By external accounts I should have been finishing the year on a high, after winning the Supreme Business Award, being keynote speaker at a University of Otago graduation and closing a pretty major deal the week prior.
But instead you’d think by my overall demeanour that I’d just put my dog down. I. Was. Just. Trying. To. Make. It. To. The. End. Of. 2025.
Even my last article for the year was flat and uninspiring, which feels about right in hindsight, because I felt exceptionally uninspiring while I wrote it.
Back to the 16th. Our book club Christmas party was due to start in an hour. I’d put exercise off all day, "just trying to get this one thing finished first".
Alex had to do nightshift, which I’d forgotten about, so I had to drag poor Fin along. I had a board meeting to chair the next morning.
And then I discovered a major forecast stuff-up I hadn’t factored into my budgeting.
Because that’s one of the kickers about putting yourself under too much pressure — it’s a series of diminishing returns as your attention to detail and decision-making suffers.
There were only three business days left in the year, and it felt like I had three weeks’ worth of work to squeeze into them.
Which is when my body decided to put its out-of-office on. Enough’s enough, you’re finished.
It’s not normal for your heart rate to hit 174 sitting down. I struggle to go over 150 when I’m training. So when my heart started trying to jump out of my chest, my screen blurred and Fin quietly shut my laptop and said "let’s go to book club mum. You need to stop working and have fun. Don’t worry about dinner", I had an epiphany.
I had done it again, completely wrecked myself trying not to let anyone else down.
And I’m pretty sure if I had a heart attack, I’d be seriously letting the most important someone else down: Fin.
I don’t have a heart condition. I’ve checked. Apparently I’ve got the heart of an endurance athlete.
What I do have is a stress problem, a very low resting heart rate and a recurring pattern of burnout. When I spike, it’s ugly. When I crash, it’s worse.
Which brings me to my 2026 New Year’s resolution: to care less.
Not in a work sense. We absolutely need to care when we’re making 10,000 parts that go to space each year and supplying 55,000 critical medical components.
But the other stuff. The people who don’t respect your time, or who could do it themselves if they cared enough; or the projects or causes where you seem to be constantly dragging people along, rather than walking the path with them.
This year I’m going to care more about what matters to me, and about the people who care for me.
I’m also done assuming every unexpected call or email is impending doom. Alex laughs at me for this. He reckons that’s why we’ve stayed ahead of things.

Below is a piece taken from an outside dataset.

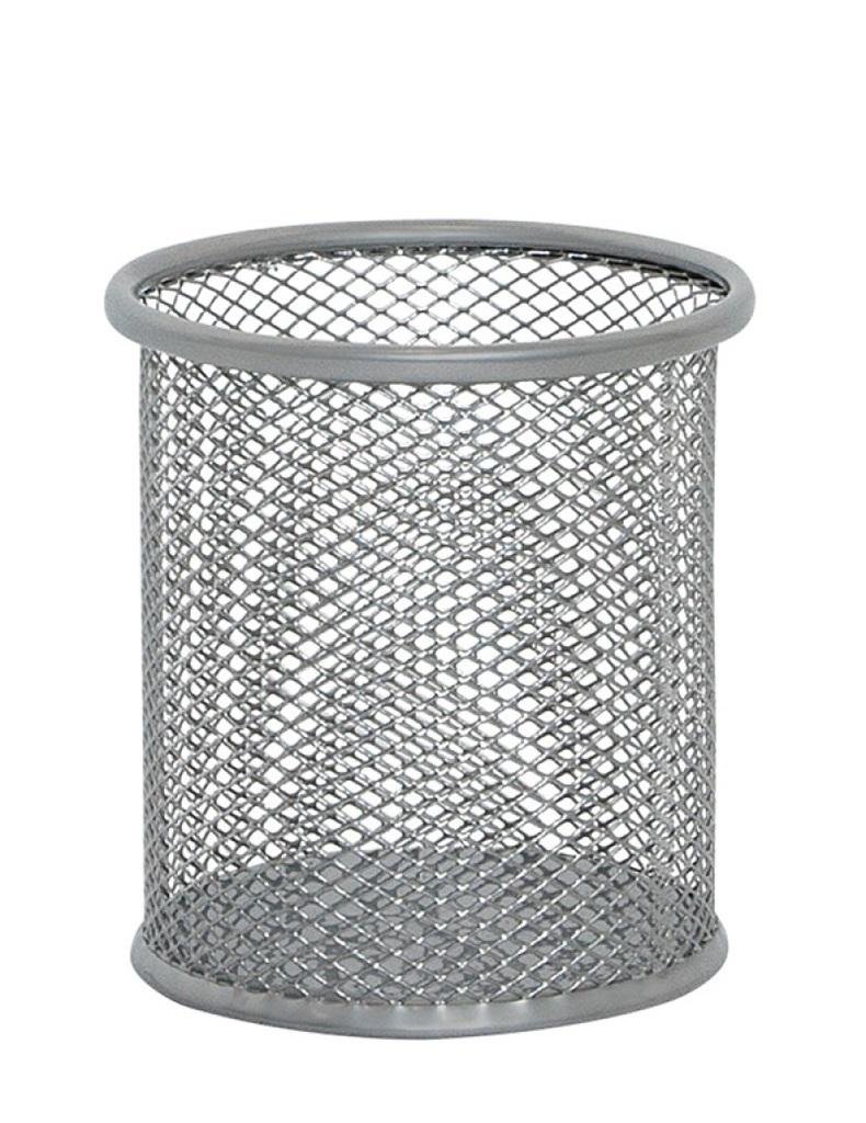 Tento praktický stojánek na psací potřeby má rozměry 90x100 mm, což je ideální velikost na tužky, propisky, pero nebo jiné kancelářské doplňky. Díky otvorům z kovové síťoviny dobře větrá a umožňuje snadný přehled nad uloženými předměty. Je vyroben z odolného materiálu, který zaručuje dlouhou životnost i při každodenním používání.

It’s not a great way to live though, and if I ran the stats, I’d say 99.9% of the time it’s good news.
I’ve spent years tying myself in knots for deadlines that turn out not to matter, meetings with no agenda, or trying to rescue people who don’t actually want saving.

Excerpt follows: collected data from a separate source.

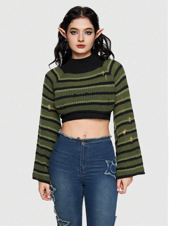 Fairycore Striped Pattern Turtleneck Bell Sleeve Sweater
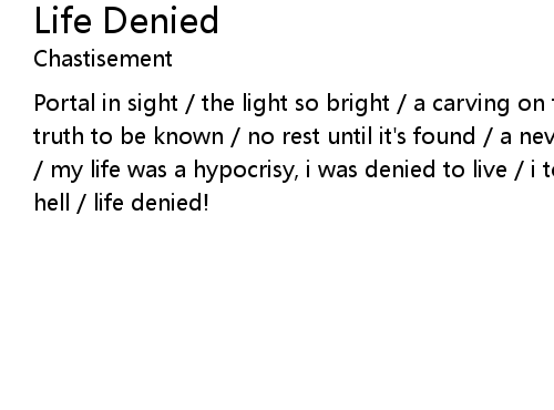| Portal in sight / the light so bright / a carving on the sign / life denied / truth to be known / no rest until it's found / a neverending sound / life denied / my life was a hypocrisy, i was denied to live / i took my life with me down to hell / life denied! |
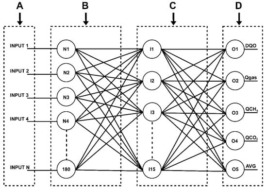 Figure 6 shows how the neural network was trained from the results obtained from the experimental tests performed with the bioreactor. The values of pH, COD concentration of the influent, inflow to the bioreactor and the signal coming from each of the conductivity sensors installed inside the reactor, during each of the experiments performed with the bioreactor, correspond to the input vector (A) of the neural network. This input vector contains 180 data points corresponding to the pH values, COD concentration of the influent, inflow to the bioreactor and the signal coming from each of the conductivity sensors installed inside the reactor during 6 months of experimental tests. There are 180 input neurons (B), which are connected to the neurons of the intermediate layer (C), and these neurons of the intermediate layer are connected to the output neurons (D), which generate the output signals estimated by the neural network, corresponding to the COD concentration of the effluent, the biogas production flow rate of the bioreactor (the sum of methane and carbon dioxide production), the methane production flow rate, the carbon dioxide production flow rate and the concentration of volatile fatty acids in the reactor effluent.
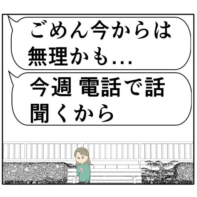 ろみ緒さんは「ごめん。今からは無理かも・・・。今週電話で話聞くから」とジュリ実さんに返信。
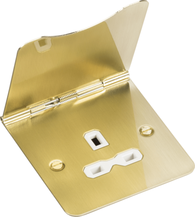 Knightsbridge FPR7UBBW 13A 1G Unswitched Floor Socket - Brushed Brass White Insert

When I was 10, I desperately wanted the queen bee in class to stop being horrible to me. I gave her my locket. At the end of the day, it was in the rubbish bin.
I had agonised over that moment. She hadn’t thought twice.

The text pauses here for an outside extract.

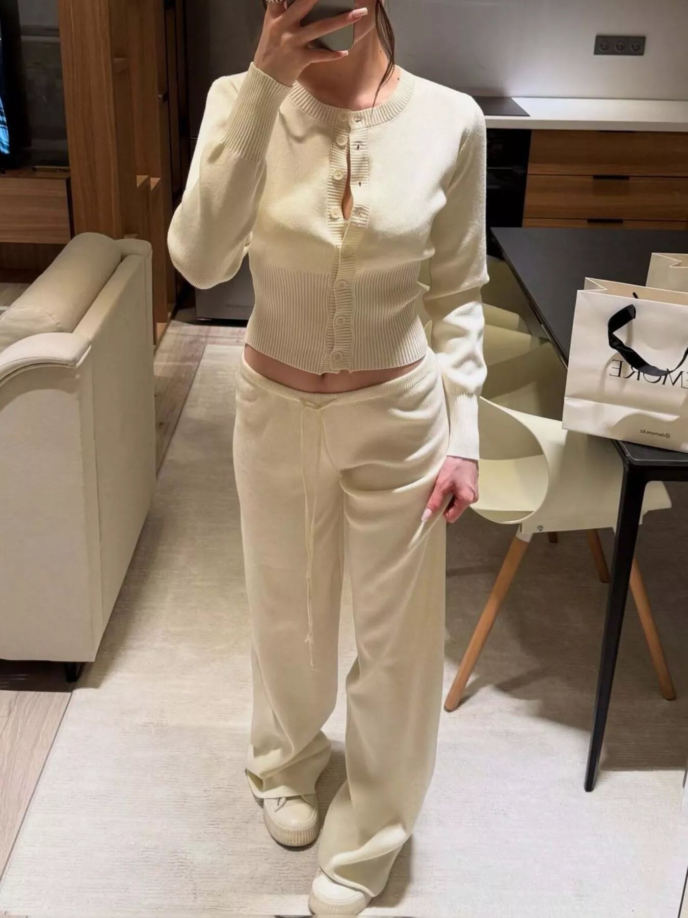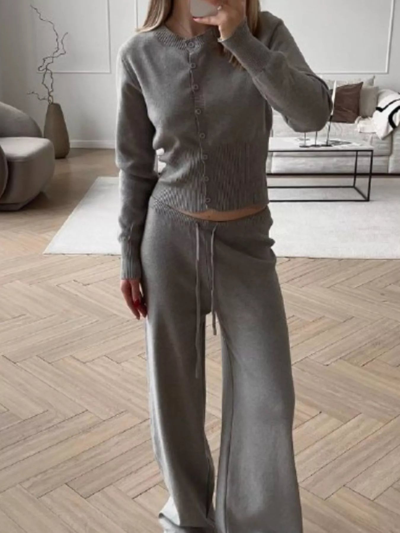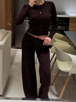 Button Up Cardigan and Pants Knit Set

In peak stress, we lose perspective. Stress is real, and we need to look out for each other better. Notice when someone’s judgement seems a bit off.
Don’t accept "I’m fine" at face value. Quietly take something off their plate.
Also, take a holiday in the middle of the year. RNZ last week reported that forward international holiday bookings are at record highs.
The natural assumption is to blame the miserable summer weather, but I also suspect a lot of people are in the same boat as me — they pushed through 2025 without a break and blew themselves out.
I hate cancelling on things. I’ll break myself to avoid disappointing someone, only to turn up feeling exhausted and disconnected, and spend half the evening tripping back and forth to the bathroom for time out to avoid having to be "on".
That has to stop.
Back to book club. Four of the eight of us had tried to cancel. Michelle told me to come as I was, bring Fin, have a wine and leave if I needed to.
She tucked Fin up, sent me home for a glittery dress, and soon enough we were playing charades and popping Christmas crackers (there’s very little book in book club).
My friends didn’t care if I was on form. They just cared that I was OK. My shoulders visibly retreated as I joined in the laughter.
The board meeting the next day went ahead without me. We were prepared. Resolutions passed. The strategy session waited.
I even got kind messages and offers of help. No harm done.
So what’s my takeaway for this year? Be brutally honest about what I should care more about, and where I could care less.
• Sarah Ramsay is chief executive of United Machinists.